Steve and Jeff got busy and made John an external orthotic appliance and a frame (which John described as looking like an erector set) to get him out of bed and walking. Use of this frame cut his rehab time in half. John had been told that he would be in rehab 2 years and would never ride a motorcycle again. With the help of Steve and Jeff, he could walk in 6 months and could ride again in a year. He dropped 140 pounds of fat, then regained weight, but this time as muscle. Jeff didn’t concern John about compensation; even though John had been told many times that Eastside wouldn’t be paid for all the work and time needed. Jeff and his staff only worried about what John needed.

John told me that Jeff’s standards are higher than the insurance companies will pay for, but Jeff will always find a way to get the job done right. John waxed rhapsodic about Jeff and Steve during the interview. For a tough former Ranger and biker, he was positively poetic at times. Among other things, he told me, “Jeff and Steve have a passion for what they do. They never take shortcuts. They want the prosthesis as perfect as possible.” “Jeff goes above and beyond to ensure that you are walking.” “Jeff took 2 hours to tune up my leg to specially suit my needs in motorcycling!” (John uses the Otto Bock C-leg, a computer operated prosthesis.)

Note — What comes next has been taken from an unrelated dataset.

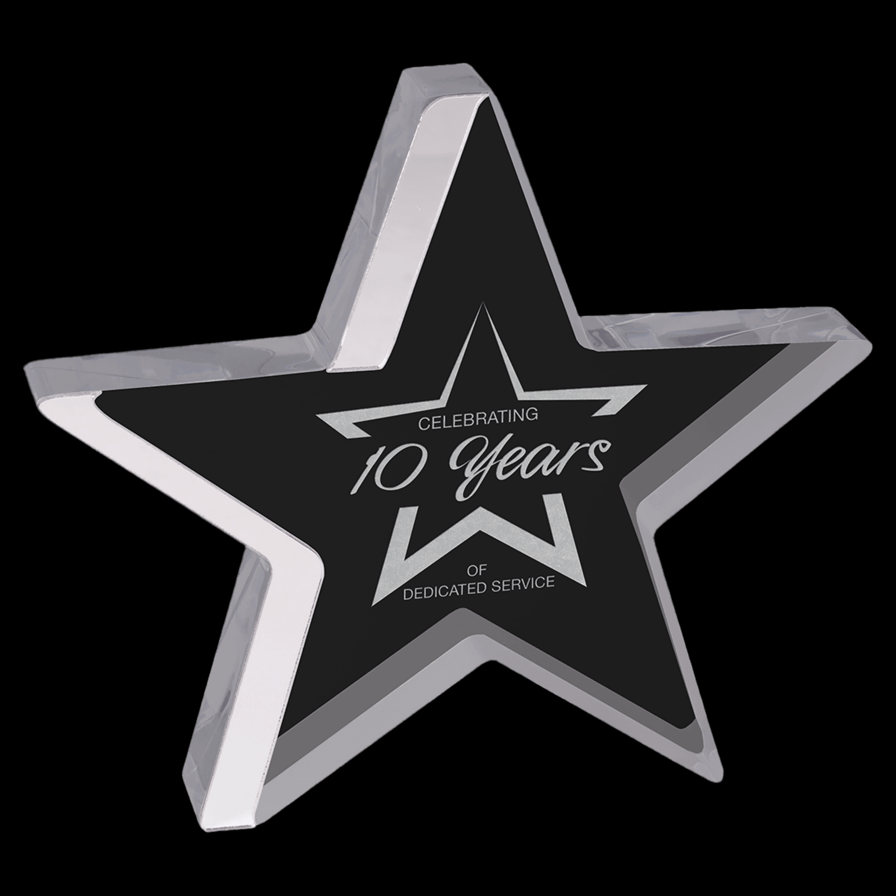 The Star Acrylic with Silver Edge award features a striking 1-inch thickness and a self-standing design, ensuring stability and a premium presence. Its silver-edged detail enhances the star shape, making it an elegant choice for recognizing outstanding achievements with a modern, professional look.

John recently completed a course as a veterinary tech, is working with research animals, and also works with rescued pit bulls. The “bulls” sometimes chew on his prosthetic leg, an advantage he has since others have to feel the bite. When he told Jeff (also a dog lover) about the situation, Jeff provided John with extra plastic covers for the leg at no charge. John said of Jeff and Steve, “I cannot say enough good about them. They were there for me even when I didn’t want them to be! If there are angels on earth, Jeff is one of them. He is always there for me, at any time. I would share a foxhole with him.” “I can call Jeff for anything at any time, and he will solve the problem. Jeff is one of six people I know I could call at 3 in the AM, and he would be there for me and vice versa. I brag about Jeff and Eastside like I brag about my Harley. I show off his product like I do my 1600cc engine. I explain his products performance the same way I give the specs of my custom “springer” forks.” (As any Harley rider knows, this is high praise indeed!)

Despite a recent bout with pneumonia and being faced with a new health issue, John remains active, and intends to go on, in his words above “living life to the fullest, with no limitations.” My bet is that he will!